Further, the associating unit 13 may include: the device comprises an identification module, a positioning module and a generation module.
And the recognition module is used for performing word segmentation recognition on the data to be processed according to the words in the financial dictionary by adopting a semantic model to obtain the data elements and the associated scores of the data elements.
The so-called financial dictionary is a tool book compiled by the modern Tianjin finance and economics institute. The thesaurus receives 1800 entries for the financial aspect. 9 types including basic theory of finance, banking business, insurance and trust investment, international finance, Chinese currency, Chinese financial history, foreign currency, foreign bank and financial group and the like; the "other" category picks items that have an affinity with the financial profession. The word order is arranged according to the number of strokes of the first character of the Chinese character, and a classification catalogue is attached. The book is followed by 12 appendices of the names of currencies of various countries, the largest 100 commercial banks in the world, and the like.

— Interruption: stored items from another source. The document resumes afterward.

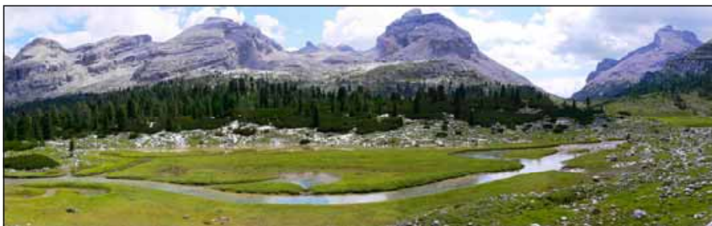
Alpe di Fanes

L'altipiano di Fanes è uno dei luoghi più incantevoli delle Dolomiti, il Col Becchei è considerato la cima con il panorama più vasto del Gruppo di Fanes.
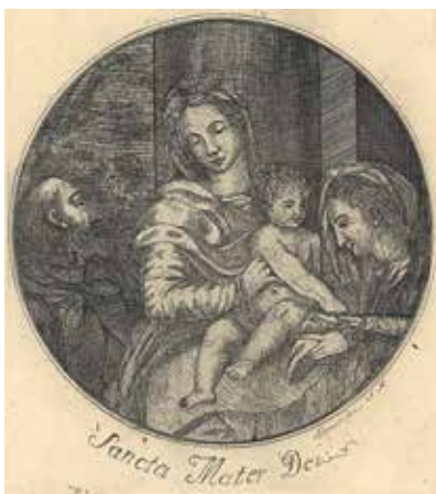
135. Šv. Onos Šeima. XVIII a. pab. Dail. Jonas Nikodemus Lopacinskis. LDM
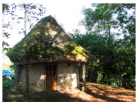
Paladru p. 114 à 119
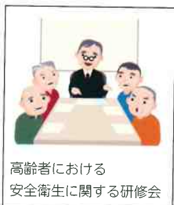
高齢者における安全衛生に関する研修会
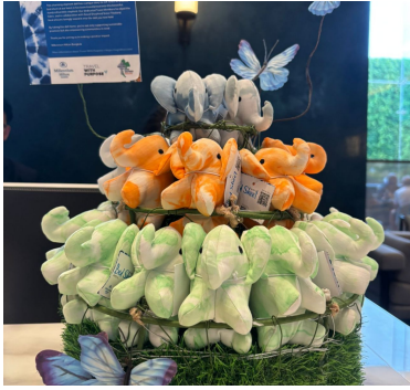
Linens For Life™
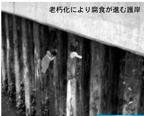
老朽化により腐食が進む護岸

「自然との共生」、「協働による創造」によって、自然特性や交通条件のよさを活かしながら、これからの都市のあり方や先駆的な都市づくりの取り組みを示す重要な役割を担います。
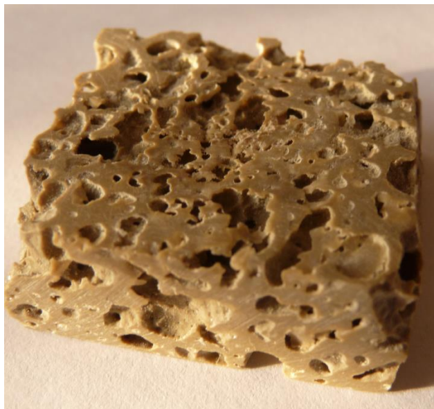
Рис. 1. Образец крупнопористого глинополимерного композита

Для опытов методом термополимеризации были получены образцы крупнопористых глинополимерных композитов (рис. 1), которые в сухом виде содержали бентонита 66,2 %, полиакрилата натрия 26,3%, остальные 7,5 % составляли N,N' – метиленбисакриламид, персульфат аммония, карбонат натрия, акриловая кислота.

In the present embodiment, the semantic Model may use a Hidden Markov Model (HMM). In a hidden markov model, a state is not directly visible, but the output is visible depending on the state. Each state has a possible probability distribution over the possible output tokens. Thus, the generation of a sequence of labels by an HMM provides information about some sequence of states.

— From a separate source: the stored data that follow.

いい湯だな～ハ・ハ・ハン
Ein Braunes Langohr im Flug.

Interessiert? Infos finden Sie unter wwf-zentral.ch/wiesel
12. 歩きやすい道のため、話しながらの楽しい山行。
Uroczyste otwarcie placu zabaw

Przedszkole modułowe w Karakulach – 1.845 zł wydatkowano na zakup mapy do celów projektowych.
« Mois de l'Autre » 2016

In this embodiment, the semantic model may also adopt a word segmentation algorithm (e.g., forward maximum matching algorithm, reverse maximum matching algorithm, bidirectional maximum matching algorithm, semantic understanding word segmentation, word frequency statistics word segmentation) and/or a vector space model. The vector space model is a characteristic item sequence required by text representation generated according to a training sample set; and then according to the text feature item sequence, carrying out weight assignment, normalization and other processing on each document in the training sample set and the test sample set, converting the document into a feature vector extremely required by a learning algorithm, and for the document containing feature items (data elements), giving a weight to each feature item according to a preset rule to express the importance degree of the feature item in the document, thereby obtaining the association score of the data elements. The association score is a score of the importance of the data elements in the original document.

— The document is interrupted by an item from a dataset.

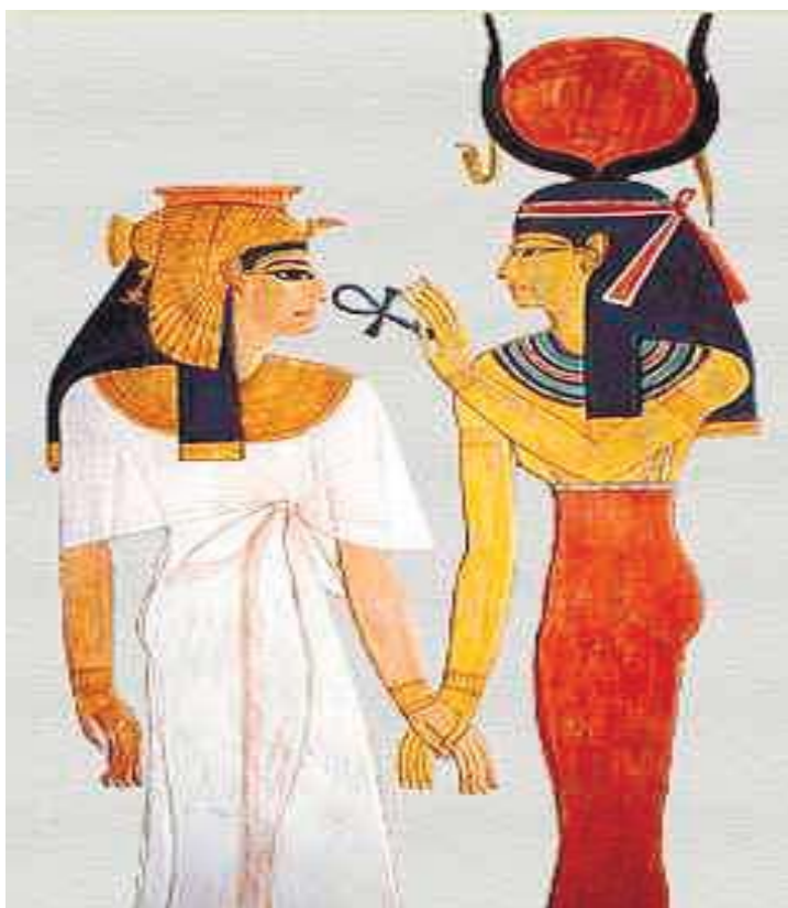
Рис. 4. Примеры костюма царицы Древнего Египта. Изображение царицы Нефертари Меренмут. Хатхор вручает царице Нефертари анх, символ вечной жизни. Сцена из гробницы Нефертари (XIV в. до н. э.)

или, в некоторых случаях, непосредственно боги, могли быть изображены в символе картуша. Картуш, или шем, первоначально был круглой формы, и стал продолговатым через несколько столетий, вероятно, приспособляясь под более длинные имена поздних фараонов. Очертание картуша – канат, окружающий имя фараона, привязанный одним концом. Это символизировало божественную роль фараона по отношению ко всему, что есть во вселенной.

And the positioning module is used for determining the associated information of the data elements in the original document according to the positions, the types and the associated scores of the data elements in the original document.
In the present embodiment, the association information of the obtained data elements with the original document is determined according to their corresponding position information (position and category) in the original document.
Specifically, the corresponding position information of the data element in the original document may include: information such as the position of the paragraph where the data element is located, the type of the paragraph (title, paragraph) where the data element is located, and the number of pages where the data element is located. The related information includes information such as the position of the paragraph where the data element is located, the type (title, paragraph) of the paragraph where the data element is located, the number of pages where the data element is located, the content corresponding to the data element, and the related score of the data element.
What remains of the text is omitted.